[Dataset excerpt]

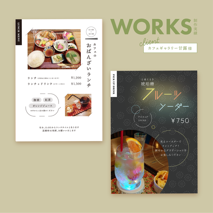 和カフェ「カフェギャラリー甘露」様のランチメニュー表リニューアルのお手伝いをさせていただきました。
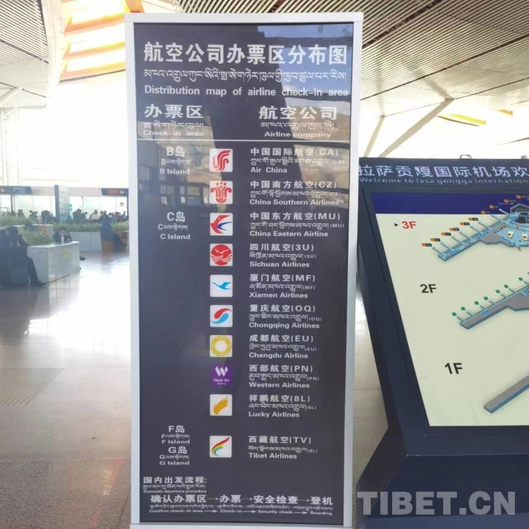 無托運行李的旅客持個人身份證(或有效證件)前往自助值機區(qū)打印登機牌。有托運行李和中轉聯(lián)程航班的旅客前往人工柜臺辦理。其中,乘坐西藏航空公司航班的旅客進入出發(fā)大廳后左轉前往F、G島辦理乘機手續(xù),其他航空公司的旅客請前往B、C、D島辦理乘機手續(xù)。
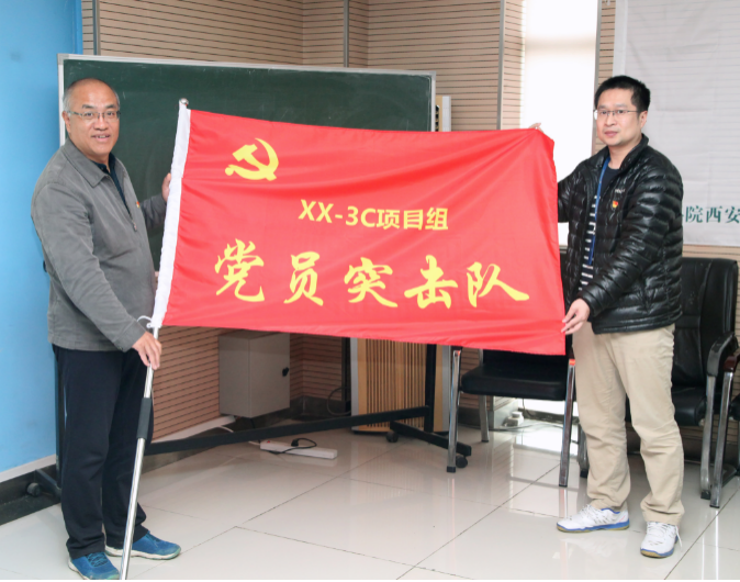 支部大會上謝梅林書記向廣大黨員宣貫主題活動實施規(guī)劃、口號和目標,向突擊隊員和先鋒隊隊員提出了明確職責要求。本次活動的口號:“攻堅克難力踐四個國家,凝心匯智盡展黨員風華”,時間從3月25日開始到項目交付結束,號召大家在科研實踐活動中對標中科院對全體科研工作者“四個國家”的定位和要求,讓黨旗在科研一線高高飄揚。為對本次活動進行廣泛宣傳和對參與隊員進行精神激勵,以及自覺接受廣大黨員群眾的督導,兩個項目的調試現(xiàn)場和研究室宣傳欄均進行了黨旗、隊旗和宣傳標語布置。
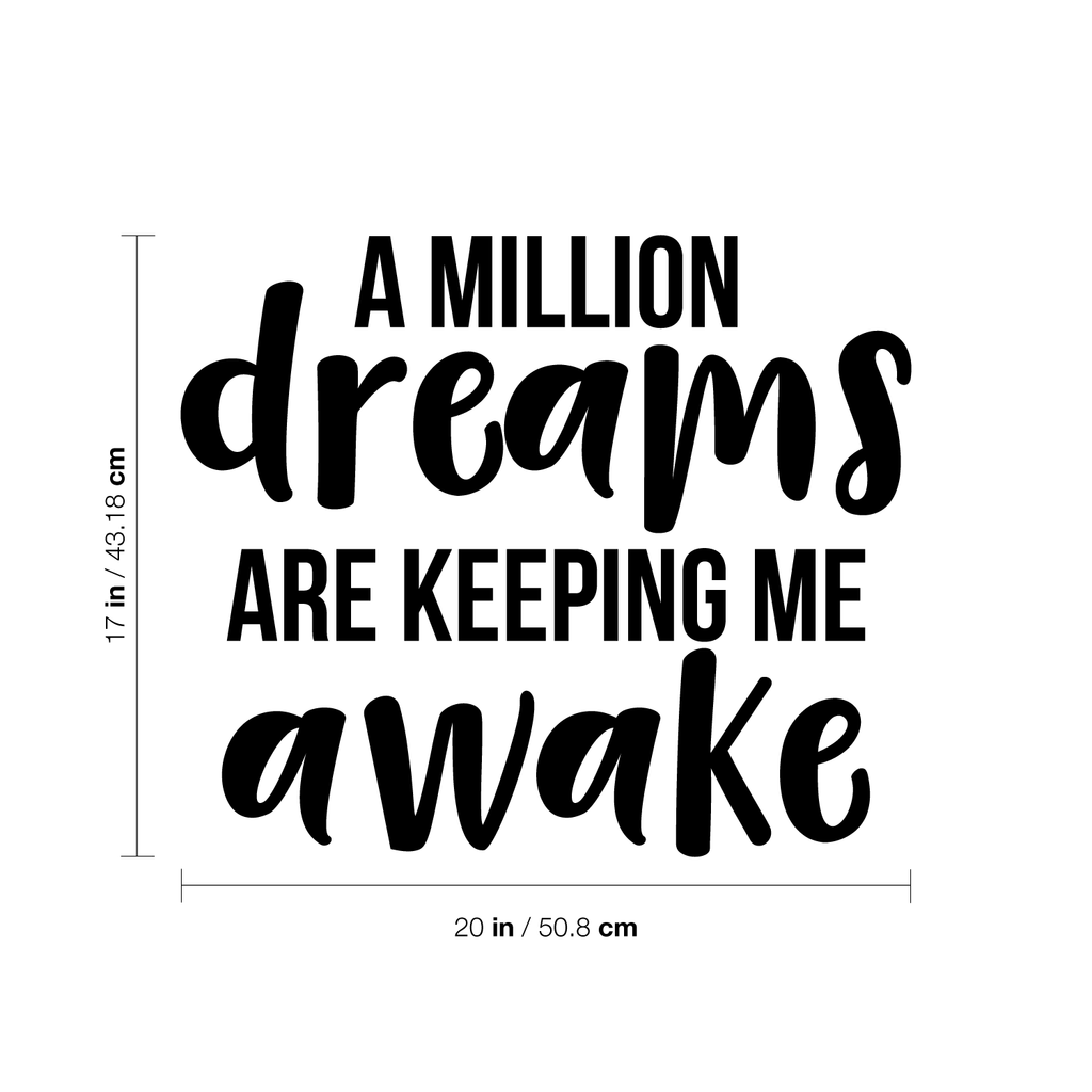 This awesome inspirational decal quote "A Million Dreams Are Keeping Me Awake"; is the perfect touch for your home or coffee shop. Use it for your bedroom; kids room; home office or anywhere you want to bring some extra decoration. It's a vinyl sticker that is easy to put on any smooth and dry surface. Our modern designs don't just brighten up the room; but brighten up the day. Using top of the line vinyl across all of our production allows us to be the leaders in quality and design.

[/Dataset excerpt]

__Work required__
In the copy, include exactly the lines from the one with "支部大會上謝梅林書記向廣大黨" through the final line of the data, both ends included, and no pictures.

__The completed task__
 支部大會上謝梅林書記向廣大黨員宣貫主題活動實施規(guī)劃、口號和目標,向突擊隊員和先鋒隊隊員提出了明確職責要求。本次活動的口號:“攻堅克難力踐四個國家,凝心匯智盡展黨員風華”,時間從3月25日開始到項目交付結束,號召大家在科研實踐活動中對標中科院對全體科研工作者“四個國家”的定位和要求,讓黨旗在科研一線高高飄揚。為對本次活動進行廣泛宣傳和對參與隊員進行精神激勵,以及自覺接受廣大黨員群眾的督導,兩個項目的調試現(xiàn)場和研究室宣傳欄均進行了黨旗、隊旗和宣傳標語布置。
 This awesome inspirational decal quote "A Million Dreams Are Keeping Me Awake"; is the perfect touch for your home or coffee shop. Use it for your bedroom; kids room; home office or anywhere you want to bring some extra decoration. It's a vinyl sticker that is easy to put on any smooth and dry surface. Our modern designs don't just brighten up the room; but brighten up the day. Using top of the line vinyl across all of our production allows us to be the leaders in quality and design.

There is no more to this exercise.